The packing chromatic number of the square lattice is at least 12

The packing chromatic number $\chi_\rho(G)$ of a graph $G$ is the smallest integer $k$ such that the vertex set $V(G)$ can be partitioned into disjoint classes $X_1, …, X_k$, where vertices in $X_i$ have pairwise distance greater than $i$. For the 2-dimensional square lattice $\mathbb{Z}^2$ it is proved that $\chi_\rho(\mathbb{Z}^2) \geq 12$, which improves the previously known lower bound 10.

💡 Research Summary

The paper investigates the packing chromatic number χₚ(G) of the infinite two‑dimensional square lattice ℤ². A packing coloring is a partition of the vertex set into classes X₁,…,X_k such that any two vertices belonging to X_i are at graph distance greater than i.
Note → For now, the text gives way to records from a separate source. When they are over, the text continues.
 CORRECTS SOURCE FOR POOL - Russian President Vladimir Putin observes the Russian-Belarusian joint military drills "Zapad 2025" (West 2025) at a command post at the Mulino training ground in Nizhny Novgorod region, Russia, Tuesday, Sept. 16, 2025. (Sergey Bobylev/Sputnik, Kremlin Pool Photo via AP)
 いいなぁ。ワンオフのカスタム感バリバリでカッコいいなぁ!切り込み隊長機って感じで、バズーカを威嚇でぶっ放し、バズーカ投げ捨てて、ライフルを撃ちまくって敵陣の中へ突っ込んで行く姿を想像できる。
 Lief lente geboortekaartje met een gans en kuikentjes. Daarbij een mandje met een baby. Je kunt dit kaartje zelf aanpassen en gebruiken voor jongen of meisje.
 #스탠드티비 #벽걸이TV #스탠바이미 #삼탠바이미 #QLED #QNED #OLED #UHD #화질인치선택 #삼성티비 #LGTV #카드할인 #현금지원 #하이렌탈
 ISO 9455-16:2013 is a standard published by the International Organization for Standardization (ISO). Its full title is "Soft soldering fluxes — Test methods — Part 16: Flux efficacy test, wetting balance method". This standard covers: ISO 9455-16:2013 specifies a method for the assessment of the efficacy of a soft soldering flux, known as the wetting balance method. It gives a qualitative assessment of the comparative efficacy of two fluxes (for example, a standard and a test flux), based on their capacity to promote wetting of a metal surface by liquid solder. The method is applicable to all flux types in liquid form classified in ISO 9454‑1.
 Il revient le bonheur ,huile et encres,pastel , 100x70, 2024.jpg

The smallest integer k for which such a partition exists is χₚ(G). For ℤ² the exact value has been unknown for many years; prior work established the bounds 10 ≤ χₚ(ℤ²) ≤ 17, with the lower bound 10 derived from relatively simple combinatorial arguments.

The authors improve the lower bound to 12. Their strategy consists of two main components: a rigorous combinatorial analysis on a finite sub‑lattice and a computer‑assisted exhaustive verification using a SAT solver.
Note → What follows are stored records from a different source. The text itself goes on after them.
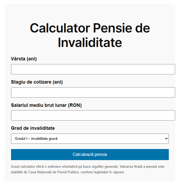 Calculatorul a fost realizat să fie ușor de folosit. Doar introduceți vârsta actuala, anii de muncă, salariul mediu brut lunar la ora curenta și gradul de invaliditate. După asta, va fi generată o pensia la care aveți dreptul sau ce pensie vă poate oferi statul, bazat pe anii de munca. Indiferent că aveți 10 ani de munca, sau 40, calculatorul ia în considerare toate valorile.
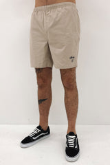 The Stussy Basic Stock Beachshort in Cement are a men's elasticated waist short with grown-on waistband with internal draw cord. Featuring front in-seam pockets and screen printed logo on left leg. Constructed from a 100% cotton.
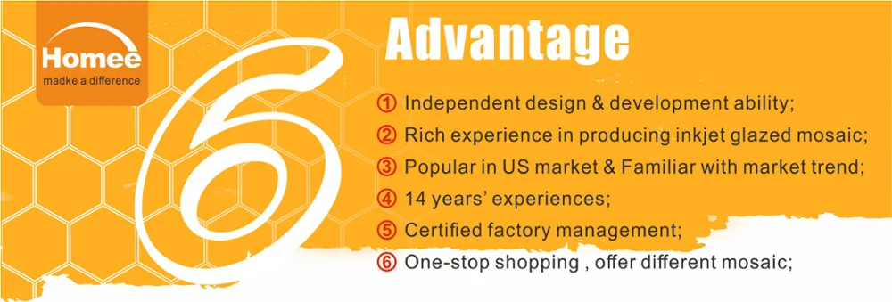 Q1. Do you have a minimum order quantity? A1: Yes, we do. We keep no stock or very little stock for the products we promote. We do have a M.O.Q requirement to start production. This M.O.Q varies by the technics and machines. Normally, it is around 1 pallet or half pallet load per item. Please feel free to contact us and we will check detail for you. Q2. Do you have dealers in my area? A2: Homee is a major OEM mosaic tile supplier in China for many different tile brands from around the world. We did not focus on markting our own brand products in the world. There may be an importer in your country already carries the same product as you seen on our website with their name brand name. Please feel free to let us know your location and we can check for you. Q3. What is your return policy? A3: Orders cannot be cancelled and returned unless for quality problem reasons. Q4. What is your quality and quality assurance? A4: Homee products are manufactured in compliance with the strict quality standards in the industry. In other words, we keep a top quality level in the industry. Please feel free to ask us for samples or visit our factory to check our product quality.We are committed to continously improve our product quality and responsible for any quality problems. We provide free replacement or refund for any shipments with quality problems. Q5. What is your lead time? A5: From 2 weeks to 8 weeks, it varies by the quantities of your order. Normally, one 20' feet container order are shipped within 4 weeks. Q6. What are the shipping methods of samples? A6: Samples are usually shipped by 4 international courier companies. They are: Fedex, DHL, UPS, TNT. If you already have an account with one the above companies, you may ask them to arrange a pick up at our office. Or let us know your account number and we could do this for you. Q7. Can you send me samples? Are they free? A7: Yes, we'd love to. They are free of charge unless you need big quantity samples for distributing to your dealers or customers. However, we don't provide free shipping. The international shipping cost will be borne at your side. |
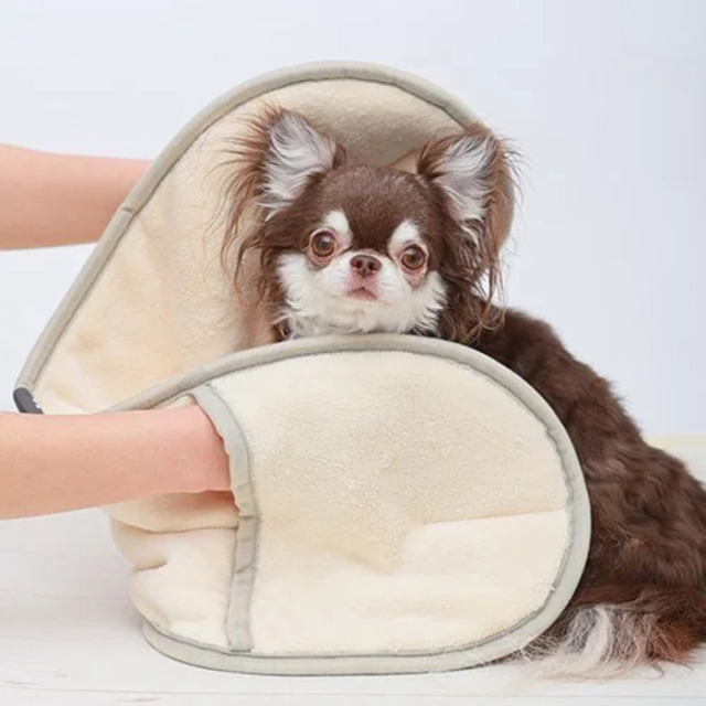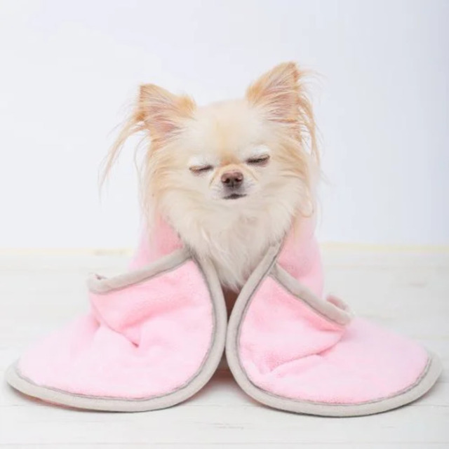 ふわふわのマイクロファイバー生地が、被毛についた水分をしっかり吸収します。

First, they select a 13 × 13 square block B of ℤ² and study how a packing coloring of the whole lattice must look when restricted to B. By imposing periodic boundary conditions they ensure that any coloring of ℤ² induces a repeating pattern on copies of B. For each color i they derive tight upper bounds on the number of vertices of B that can be assigned color i, based purely on the distance requirement (vertices of color i must be at least i + 1 apart). For example, color 1 must form a chessboard‑like independent set, color 2 must be placed on a sub‑lattice with spacing 2, and in general color i can only occupy points of a sub‑lattice scaled by i + 1. These structural constraints dramatically reduce the search space.
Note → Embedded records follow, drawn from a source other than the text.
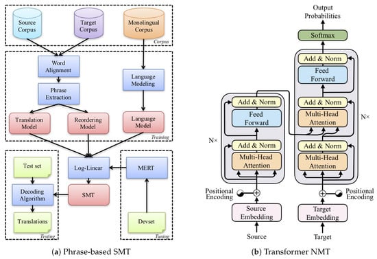 - Koehn, P.; Hoang, H.; Birch, A.; Callison-Burch, C.; Federico, M.; Bertoldi, N.; Cowan, B.; Shen, W.; Moran, C.; Zens, R.; et al. Moses: Open Source Toolkit for Statistical Machine Translation. In Proceedings of the 45th Annual Meeting of the Association for Computational Linguistics, Prague, Czech Republic, 23–30 June 2007; pp. 177–180. [Google Scholar]
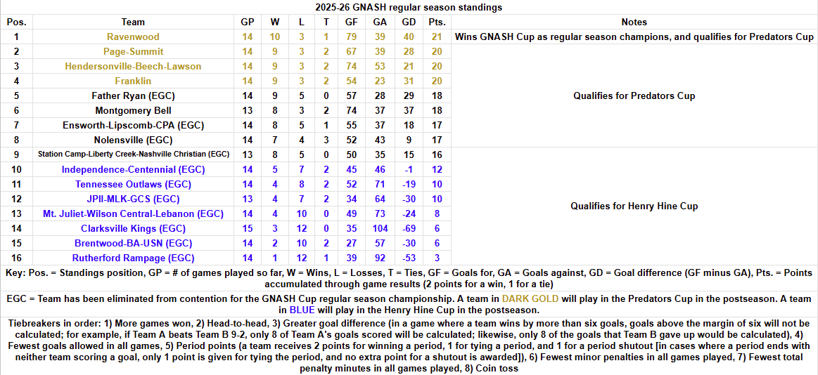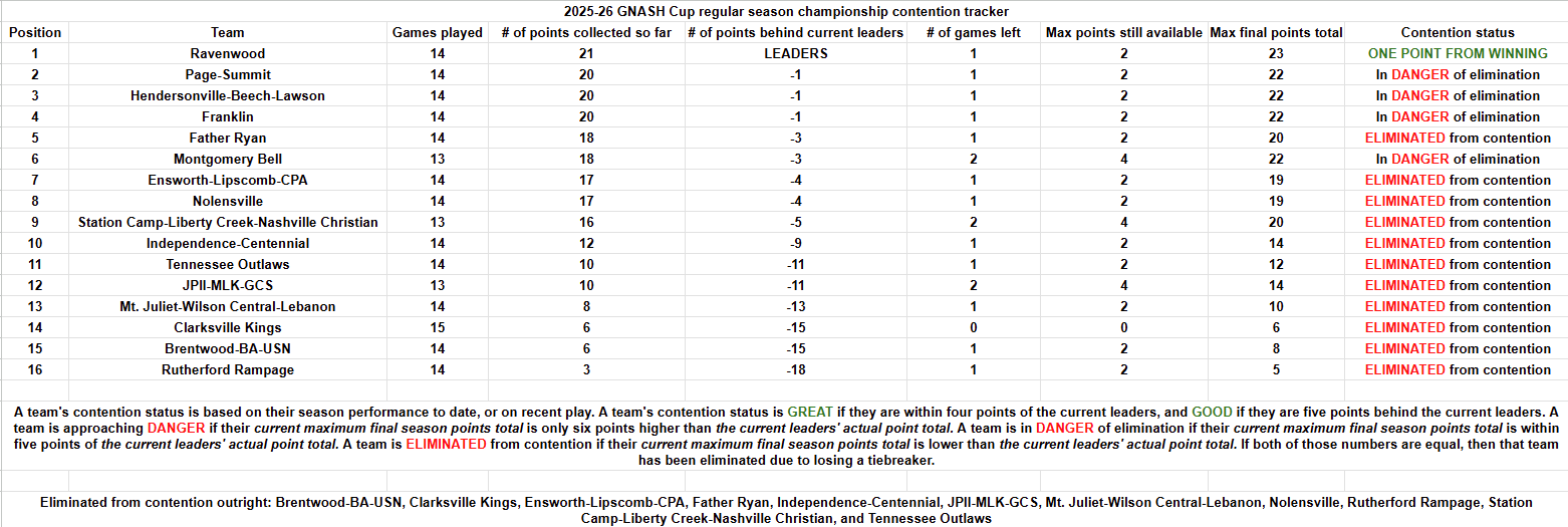 -Father Ryan, Montgomery Bell, AND Ensworth-Lipscomb-CPA would ALL clinch Predators Cup berths, leaving just one berth remaining, which Station Camp-Liberty Creek-Nashville Christian would then clinch if they DEFEAT OR TIE WITH Ravenwood, meaning that there would be no Preds Cup berths left, giving Nolensville the final Henry Hine Cup spot, and therefore, BOTH POSTSEASON TOURNAMENT FIELDS WOULD BE COMPLETELY FILLED.
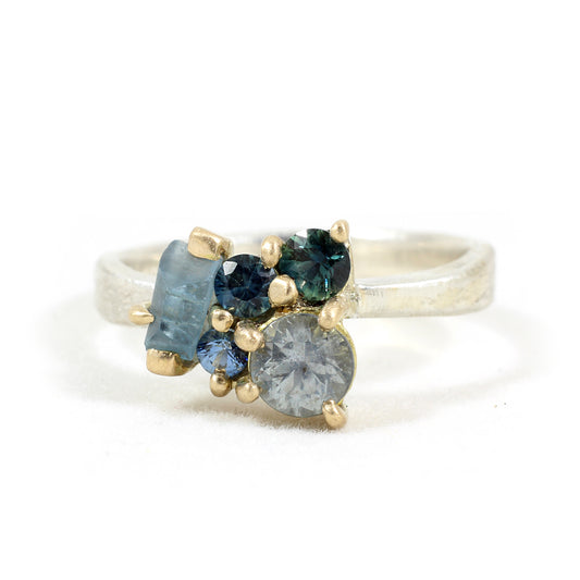 The Cassy Ring - Aquamarine and sapphire cluster ring in textured gold and silver
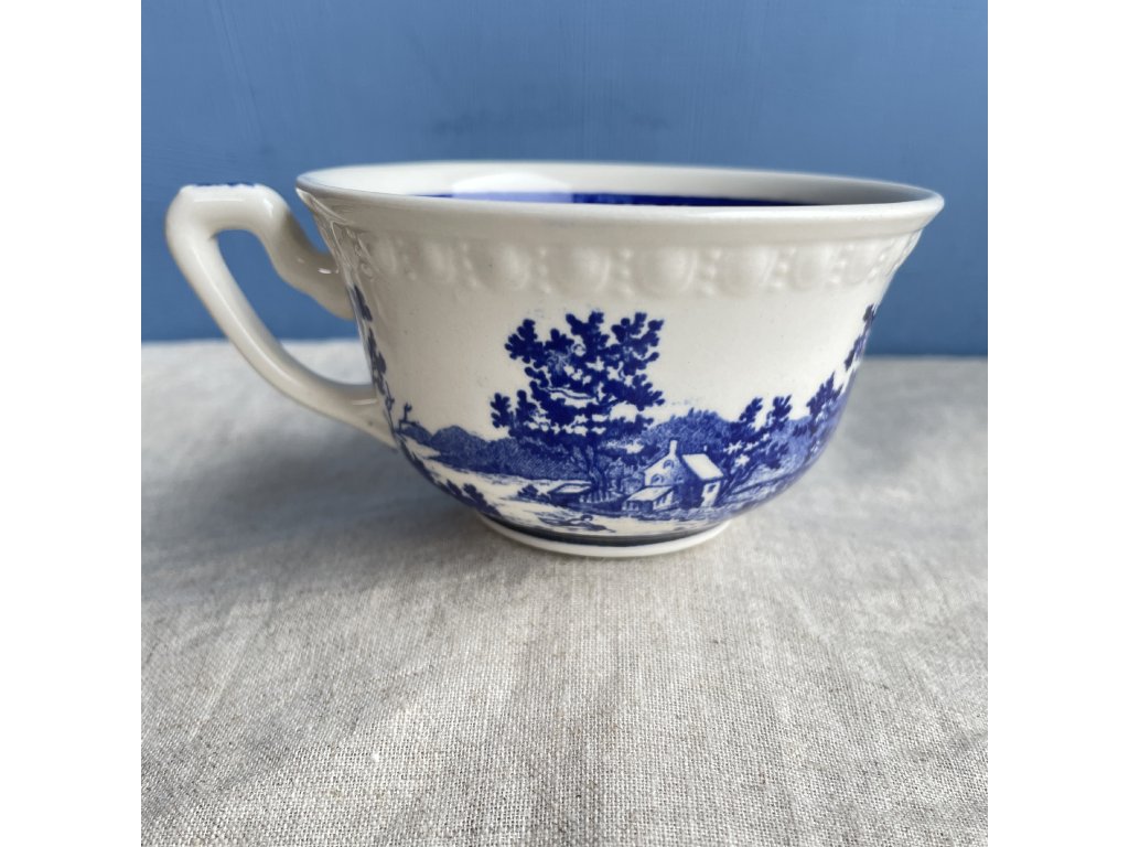 Porcelánový hrnek nese klasický modrobílý dekor Rusticana, typický pro tradiční produkci evropských manufaktur.

Nevertheless, combinatorial reasoning alone cannot rule out all possible 11‑color packings. To close the gap, the authors translate the remaining possibilities into a Boolean satisfiability problem. Each vertex of B receives a variable indicating its color, and the distance constraints are encoded as clauses: if two vertices are at distance ≤ i they cannot both receive color i. The resulting formula is converted to conjunctive normal form and fed to a modern SAT solver (such as MiniSat or Glucose). The solver returns UNSAT for every instance corresponding to a purported 11‑color packing, proving that no such coloring exists on B under the periodicity assumption. Because any global packing coloring would induce a feasible coloring of B, the UNSAT results imply that ℤ² cannot be packed with 11 colors. Consequently, χₚ(ℤ²) ≥ 12.

The paper’s contributions are twofold. Conceptually, it introduces a “periodic block reduction” that captures the infinite lattice’s constraints within a manageable finite region while preserving the essential distance requirements. Technically, it demonstrates how to combine tight combinatorial bounds with automated SAT solving to obtain rigorous impossibility results for infinite graphs.

In the discussion, the authors note that the current best known upper bound remains 17, leaving a gap of five between the proven lower bound and the best construction. They suggest that further refinements of the block size, more sophisticated integer‑programming models, or deeper structural insights could narrow this gap. Moreover, the methodology is readily adaptable to higher‑dimensional lattices (e.g., ℤ³) or to other regular graphs where packing colorings are of interest, opening avenues for future research.